Between January 2016 and April 2019, a total of 1342 women with 1342 breast lesions was studied and finally 584 women (mean age, 50 years; range, 26–83 years) with 584 malignant breast lesions were enrolled for analysis. Figure 1 shows the patient recruitment workflow. According to the results of SLND or ALN dissection, 337 had disease-free axilla (N0), 150 had low metastatic burden of axillary disease (N+(1–2)) and 97 had heavy metastatic burden of axillary disease (N+(≥3)).

Fig. 1

Patient recruitment workflow.

In total, 584 out of 1342 patients were included according to the selection criteria. The included patients were examined by conventional US and SWE, and had complete clinical information needed for the study.

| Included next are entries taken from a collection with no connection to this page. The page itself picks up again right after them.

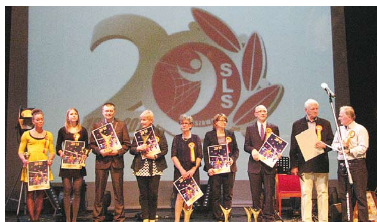
Wyróżnieni podczas gali
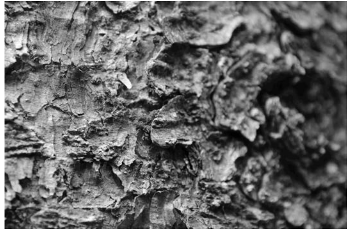
Das braune Bohrmehl auf der Rinde, unter Rindenschuppen, auf Spinnweben und am Stammfuß ist ein eindeutiges Zeichen für den Borkenkäferbefall.

Sind befallene Bäume ausgemacht, ist sofortiges Eingreifen vonnöten: das Holz einschlagen oder einschlagen lassen und schnell aus dem Wald bringen! Gelingt dies nicht, müssen die Stämme entrindet oder gehackt werden. Als letztes Mittel ist der Einsatz eines zugelassenen Pflanzenschutzmittels möglich.
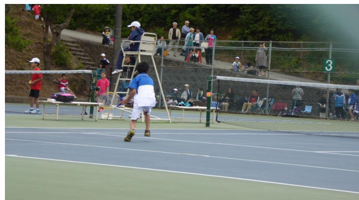
オレンジボール(ハード3面)

Patient recruitment workflow.

Base model selection and clinical information integration

The base model acted as a feature encoder, which had a significant impact on classification. In order to find the most suitable base model for ALN prediction tasks, the performances of ResNet50, ResNet101, Inception V3, and VGG19 in predicting ALN status between N0 and N+(≥1) were compared. When ResNet50 was selected as the basic model with best performance, clinical information was further added to the diagnostic model. The model incorporating clinical information was called ResNet50 + C, where C stands for clinical information. The method of adding clinical information was to directly input clinical information into the penultimate layer of the fully connected (FC) layer of ResNet50 by increasing the number of neurons. The detailed results were summarized in Table 1. The ResNet50, which integrated the deep features and clinical information offline, was proved to be the best in terms of performance and memory usage.

Table 1

The performance comparison of different models.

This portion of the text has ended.